After the failed predictions over the past couple of years about a fall in property prices, you are more likely to witness the prophesied Second Coming before the promised correction.

After the failed predictions over the past couple of years about a fall in property prices, you are more likely to witness the prophesied Second Coming before the promised correction. So what should cash-conscious buyers do? Wait endlessly in the hope that realty prices falter or take the bait of glossy schemes offered by developers? While most such offers for new houses seem tempting, you won't derive any real benefit. 

Fortunately, there is a third option: cheaper flats in the resale market. No, these aren't old, mouldy apartments in decades-old projects.
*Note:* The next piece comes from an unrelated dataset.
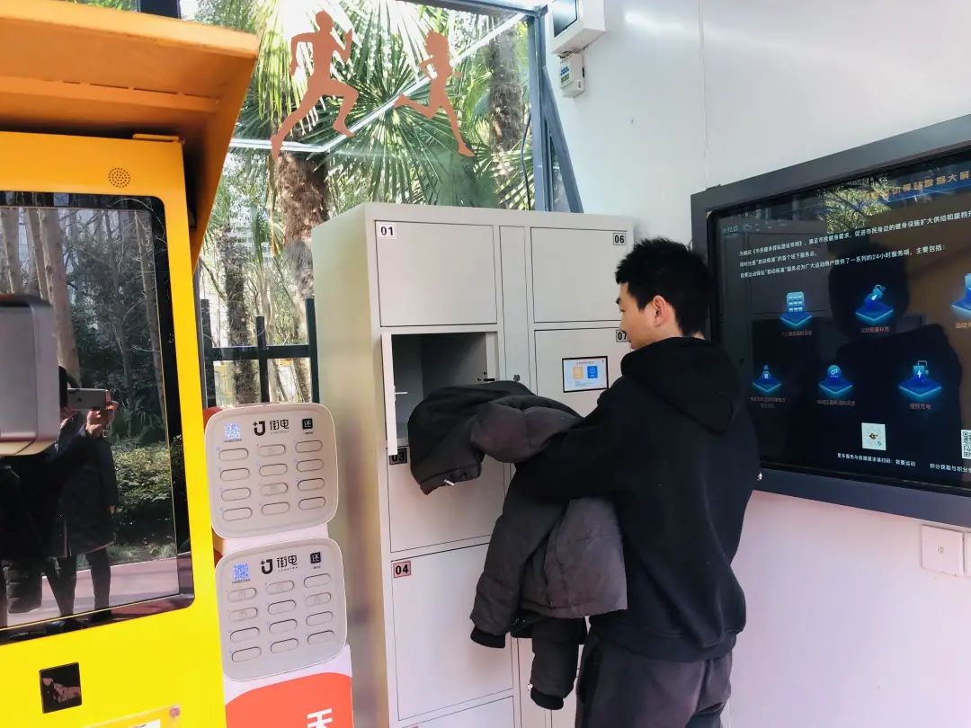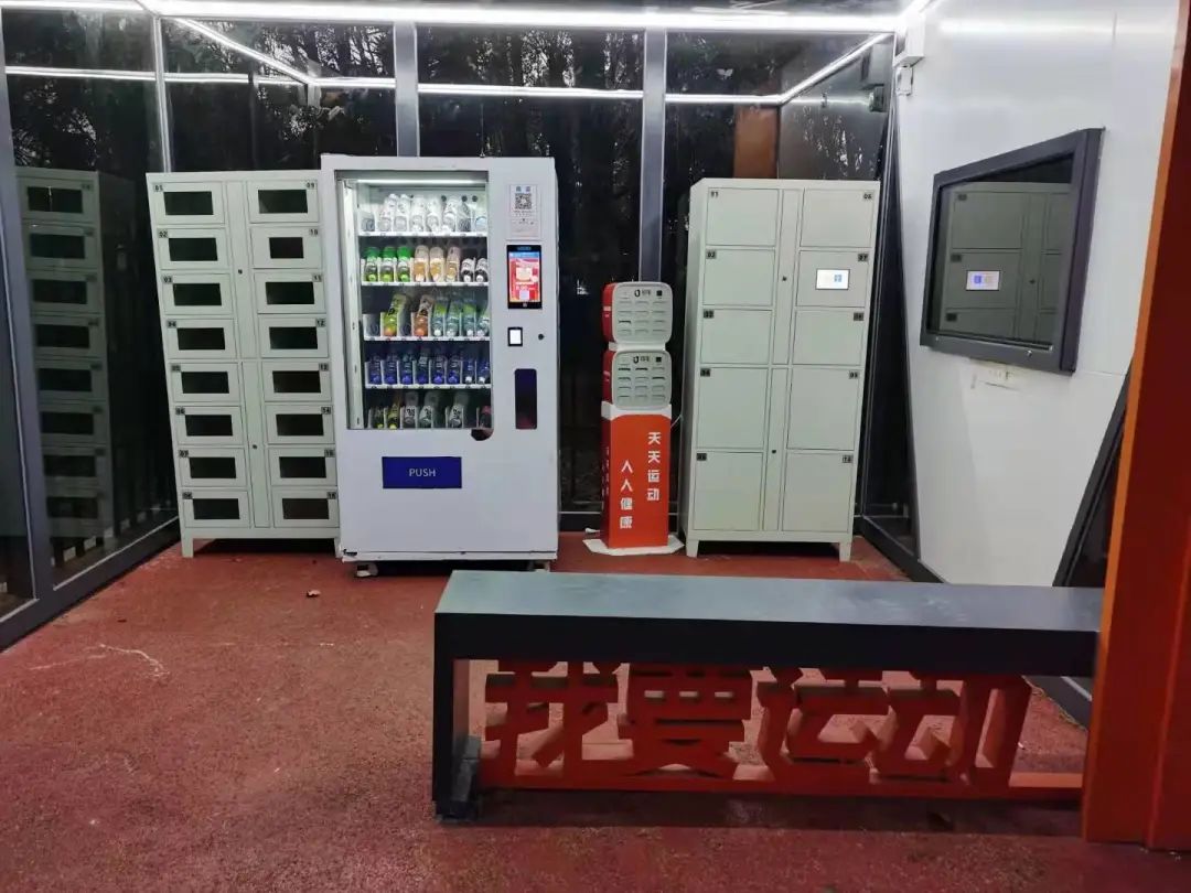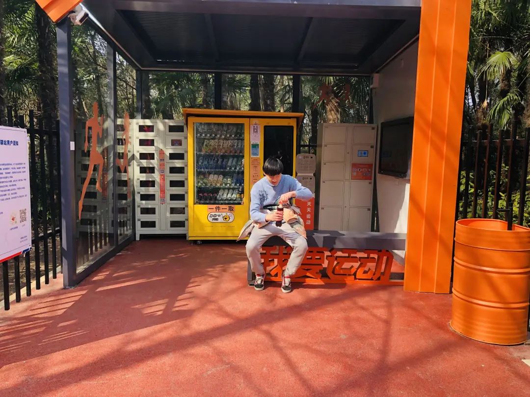 运动驿站内,设置了储物柜、饮料售卖机、充电宝租赁、休息座椅等设施,不时有跑步健身的市民,走进来买瓶水、储存一下衣物,或是坐下休息。

Quite a few of these houses have not even been lived in, but you can still get them at a discount to similar houses within the same project or vicinity. If you're wondering why resale flats are cheaper than the new ones being offered by the developer, it can be due to various reasons. One of them is that these houses have been snapped up by buyers and investors during the pre-launch phase with the intention of selling them after about three years to earn a profit. At this stage, they were only required to make the down payment.

"Many investors book a property at the initial stage just to make a small profit. If they want to make a quick exit, they will price it cheaper than the one offered by the developer, for a faster sale," says Yashwant Dalal, president of the Estate Agents Association of India, an apex body of real estate developers.

Another reason is that a lot of investors who book flats during soft launches are offered heavy discounts by builders. "To get funding before construction commences, builders offer investors at least a 20% discount to the prevailing market rate," adds Dalal.

So, even if such investors sell the flats at a price lower than the one offered by the construction company, they make a hefty profit. While individual buyers readily make the down payment, a few find out that their finances are strained when they have to start paying the home loan EMIs after the construction is complete, especially if they are also paying a rent. In some cases, they find another project that is more to their liking. Obviously, in either situation, the only option is for them to sell the current house as quickly as possible to repay the home loan, even if it means earning a smaller profit than the one they had hoped for.

Resale apartments at a discount

Also, a seller may prefer to dispose of the house before he starts paying the EMI. This is because the home loan principal repayment benefit of up to Rs 1 lakh under Section 80C is reversed if a house is sold within five years of buying it. The amount that he had claimed for tax deduction would be included in his salary and become taxable. Another factor that could influence the seller's decision is that he would want to exit the property before taking possession. This would help him avoid paying the additional charges, such as the fee for parking space or club membership. The seller could also avoid paying the registration charges and stamp duty, which can be as high as 12% of the value of the property.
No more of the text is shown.